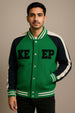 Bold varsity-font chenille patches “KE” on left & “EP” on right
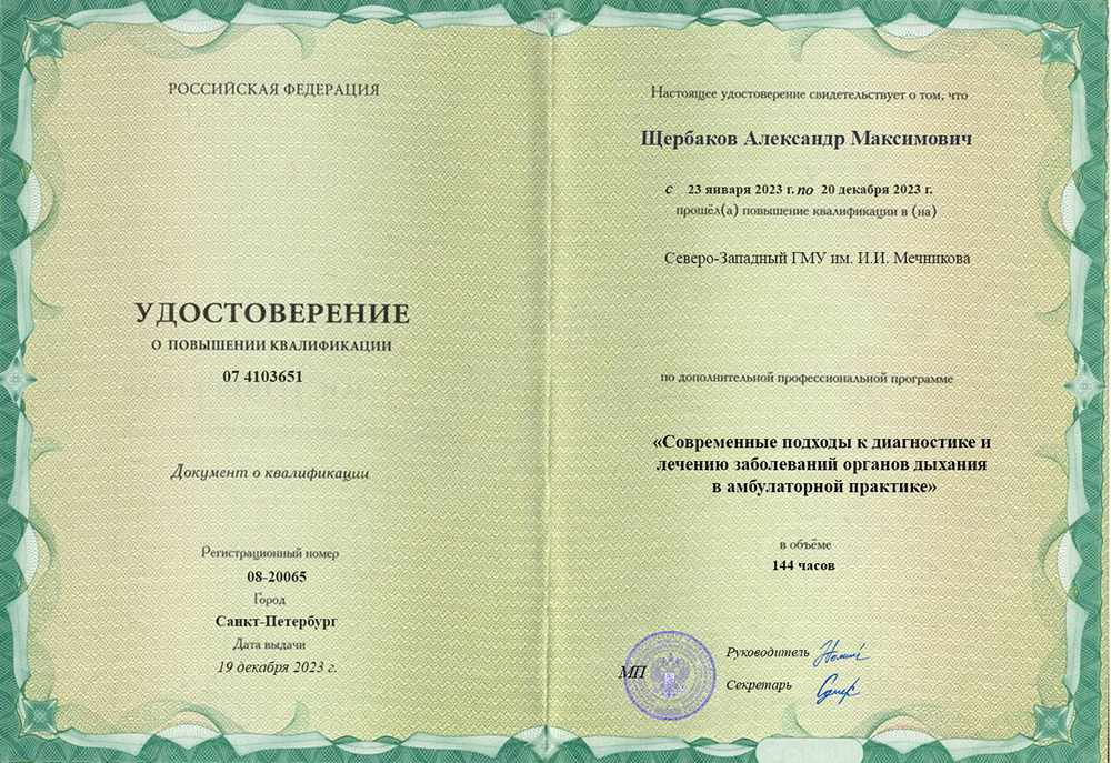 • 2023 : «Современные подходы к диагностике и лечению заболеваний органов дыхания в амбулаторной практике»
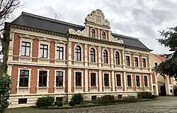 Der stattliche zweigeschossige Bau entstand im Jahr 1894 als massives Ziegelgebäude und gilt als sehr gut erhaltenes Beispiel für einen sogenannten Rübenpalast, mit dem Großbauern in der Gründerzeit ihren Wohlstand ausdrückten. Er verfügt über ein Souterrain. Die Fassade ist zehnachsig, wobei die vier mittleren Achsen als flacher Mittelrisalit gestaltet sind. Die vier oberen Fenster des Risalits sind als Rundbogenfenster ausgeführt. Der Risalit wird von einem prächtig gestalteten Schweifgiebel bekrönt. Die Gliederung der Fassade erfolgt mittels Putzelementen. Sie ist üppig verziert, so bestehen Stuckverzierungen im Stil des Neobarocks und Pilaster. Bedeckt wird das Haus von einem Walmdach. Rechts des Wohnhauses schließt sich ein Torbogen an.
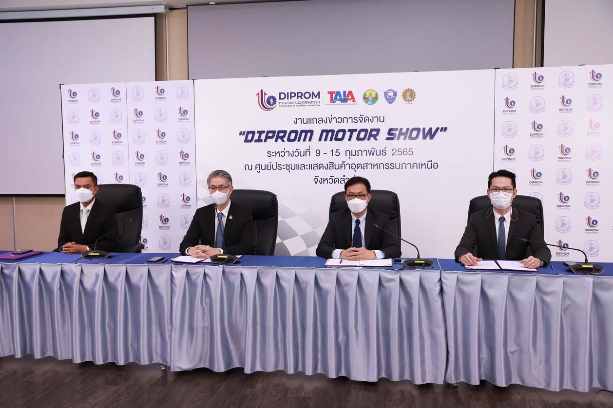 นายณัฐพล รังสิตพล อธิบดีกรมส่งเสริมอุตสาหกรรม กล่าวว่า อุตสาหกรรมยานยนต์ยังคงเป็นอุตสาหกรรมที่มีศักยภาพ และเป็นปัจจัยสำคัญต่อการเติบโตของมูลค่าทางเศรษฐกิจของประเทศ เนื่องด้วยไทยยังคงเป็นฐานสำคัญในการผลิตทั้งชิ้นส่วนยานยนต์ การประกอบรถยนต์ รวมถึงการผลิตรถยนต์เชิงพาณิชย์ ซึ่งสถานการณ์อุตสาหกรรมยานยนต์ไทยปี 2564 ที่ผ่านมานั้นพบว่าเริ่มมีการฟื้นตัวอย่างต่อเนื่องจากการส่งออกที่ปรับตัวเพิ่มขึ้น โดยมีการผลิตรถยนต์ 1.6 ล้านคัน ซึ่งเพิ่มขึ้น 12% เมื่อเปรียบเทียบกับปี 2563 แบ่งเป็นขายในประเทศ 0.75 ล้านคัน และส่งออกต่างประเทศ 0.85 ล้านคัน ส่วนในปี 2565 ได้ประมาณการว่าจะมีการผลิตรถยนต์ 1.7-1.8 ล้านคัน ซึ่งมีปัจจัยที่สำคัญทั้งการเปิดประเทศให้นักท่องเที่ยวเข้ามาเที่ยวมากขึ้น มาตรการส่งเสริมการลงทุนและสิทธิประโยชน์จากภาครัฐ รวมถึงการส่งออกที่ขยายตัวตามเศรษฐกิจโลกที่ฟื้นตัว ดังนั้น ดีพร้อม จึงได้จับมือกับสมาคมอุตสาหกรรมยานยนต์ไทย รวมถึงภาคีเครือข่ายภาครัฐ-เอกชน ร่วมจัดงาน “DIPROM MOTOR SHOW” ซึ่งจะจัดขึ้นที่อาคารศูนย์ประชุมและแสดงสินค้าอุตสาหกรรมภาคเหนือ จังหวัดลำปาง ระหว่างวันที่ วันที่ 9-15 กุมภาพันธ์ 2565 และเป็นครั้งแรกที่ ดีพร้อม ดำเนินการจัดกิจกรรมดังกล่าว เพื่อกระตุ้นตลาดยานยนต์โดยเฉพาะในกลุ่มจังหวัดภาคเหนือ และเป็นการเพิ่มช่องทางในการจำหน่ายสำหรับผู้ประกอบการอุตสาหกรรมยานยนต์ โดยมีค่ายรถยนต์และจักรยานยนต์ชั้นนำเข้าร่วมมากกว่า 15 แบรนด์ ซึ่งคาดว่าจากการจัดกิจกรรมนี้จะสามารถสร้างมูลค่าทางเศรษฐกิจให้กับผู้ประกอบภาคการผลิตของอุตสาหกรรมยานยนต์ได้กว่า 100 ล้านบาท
···
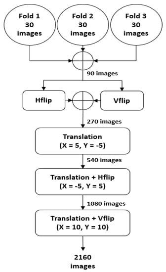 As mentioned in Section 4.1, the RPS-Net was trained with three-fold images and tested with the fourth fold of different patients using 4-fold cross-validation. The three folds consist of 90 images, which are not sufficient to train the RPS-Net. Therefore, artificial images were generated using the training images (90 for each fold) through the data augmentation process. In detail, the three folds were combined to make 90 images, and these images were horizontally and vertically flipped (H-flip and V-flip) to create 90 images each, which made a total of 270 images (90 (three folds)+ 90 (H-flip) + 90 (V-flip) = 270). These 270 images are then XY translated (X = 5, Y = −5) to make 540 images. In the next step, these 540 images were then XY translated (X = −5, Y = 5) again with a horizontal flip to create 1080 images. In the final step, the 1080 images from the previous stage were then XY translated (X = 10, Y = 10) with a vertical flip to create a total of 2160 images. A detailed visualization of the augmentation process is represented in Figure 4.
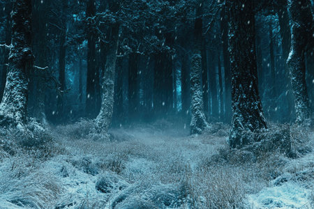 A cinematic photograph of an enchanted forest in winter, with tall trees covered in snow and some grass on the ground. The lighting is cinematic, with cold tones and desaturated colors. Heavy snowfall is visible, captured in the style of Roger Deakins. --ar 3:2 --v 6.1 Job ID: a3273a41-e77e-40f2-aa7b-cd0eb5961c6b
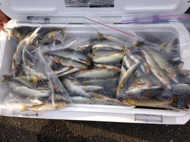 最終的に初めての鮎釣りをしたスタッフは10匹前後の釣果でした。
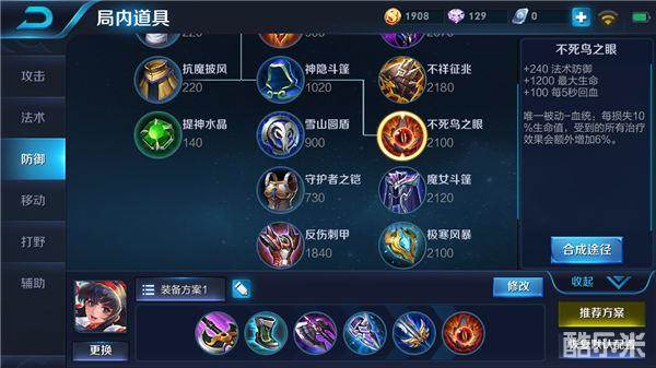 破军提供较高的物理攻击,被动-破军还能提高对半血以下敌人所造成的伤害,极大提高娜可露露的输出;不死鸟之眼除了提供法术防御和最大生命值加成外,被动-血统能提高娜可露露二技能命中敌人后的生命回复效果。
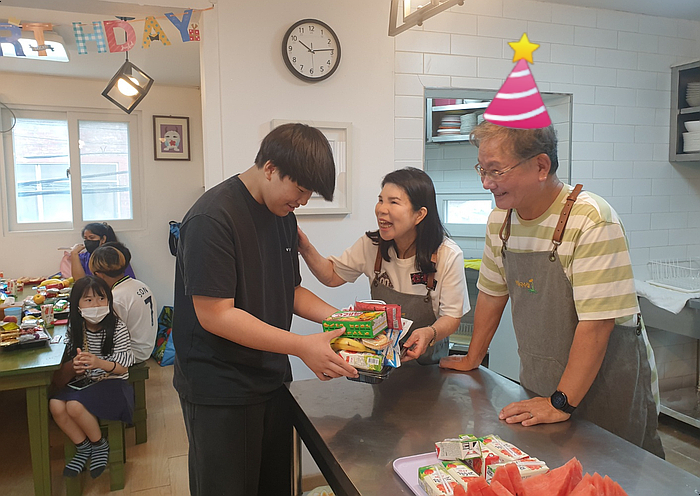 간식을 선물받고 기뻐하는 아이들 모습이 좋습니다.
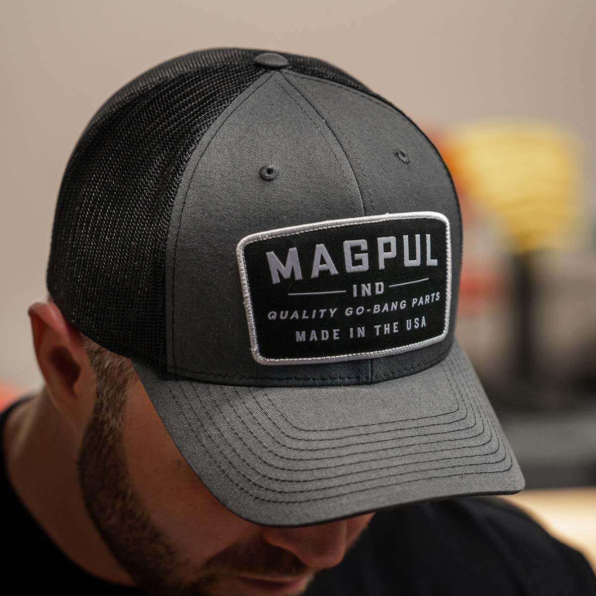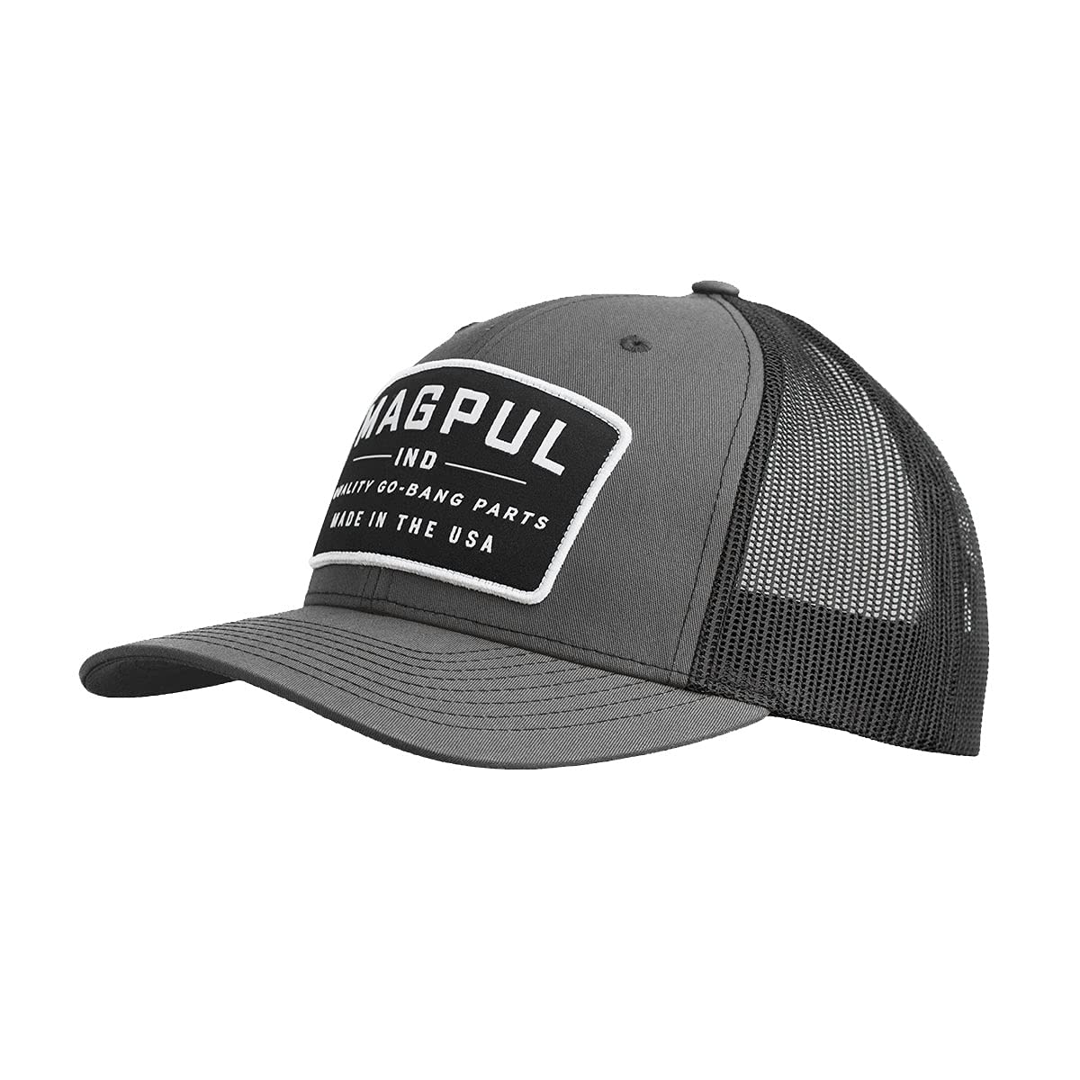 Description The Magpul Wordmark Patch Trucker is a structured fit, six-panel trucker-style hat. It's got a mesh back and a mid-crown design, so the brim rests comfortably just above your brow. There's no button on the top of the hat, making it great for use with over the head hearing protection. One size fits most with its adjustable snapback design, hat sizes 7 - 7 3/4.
···
## Problem details
Above are records with pictures. Reproduce exactly only the lines from the line with "Bold varsity-font chenille" through the line with "подходы к диагностике", both ends included, and leave the pictures out.

## Expected answer
 Bold varsity-font chenille patches “KE” on left & “EP” on right
 • 2023 : «Современные подходы к диагностике и лечению заболеваний органов дыхания в амбулаторной практике»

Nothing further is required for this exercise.